For travellers prepared to put up with inflexible amendment policies or landing at provincial airports an hour outside the nominal destination city or pricey add-ons for luggage, budget short-haul flying has long been popular for its cheap base fares.

Some airlines have tried to apply the model to longer-distance flights, including AirAsia, which links Kuala Lumpur to Australia, East Africa, Central Asia, Japan and South Korea.

“The jury has been out on the potential for a sustainable long-haul low-cost airline operation for many years and whilst many have tried, few have cracked the challenge,” according to aviation industry analysis company OAG.

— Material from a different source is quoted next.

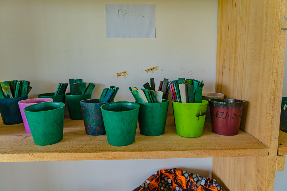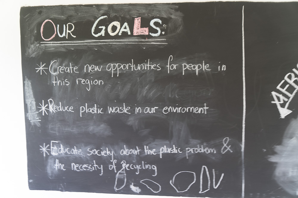 In einem weiteren Raum lernen die Schüler Plastikrecycling.

After all, while scant legroom or limits on luggage or no in-flight entertainment are minor discomforts on a one-hour or 90-minute short flight, they could be off-putting when up in the air for eight or nine hours.

But IndiGo, India’s biggest budget carrier, could be best-placed to crack the code of low-cost long-distance flying, as the country’s huge population could give the airline the foundation to build a low-cost long-haul model as disposable incomes grow.

India is “no longer an emergent market – it is the market of international focus and the centre for aviation growth in the next decade,” according to OAG.

China and India recently agreed to end their mutual air travel ban, which was imposed in 2020 after they almost went to war over disputed territory along their Himalayan border.

The resumption of air travel should come “at an early date,” according to the governments of the two countries, which have a combined population of over three billion people.

Restarting China-India flights should in turn fuel demand for long-distance connections such as Delhi-Beijing, a 9-10 hour flight.

And with millions of Indians working in the Middle East, Europe and North America, demand for IndiGo’s long-haul flights looks set to grow.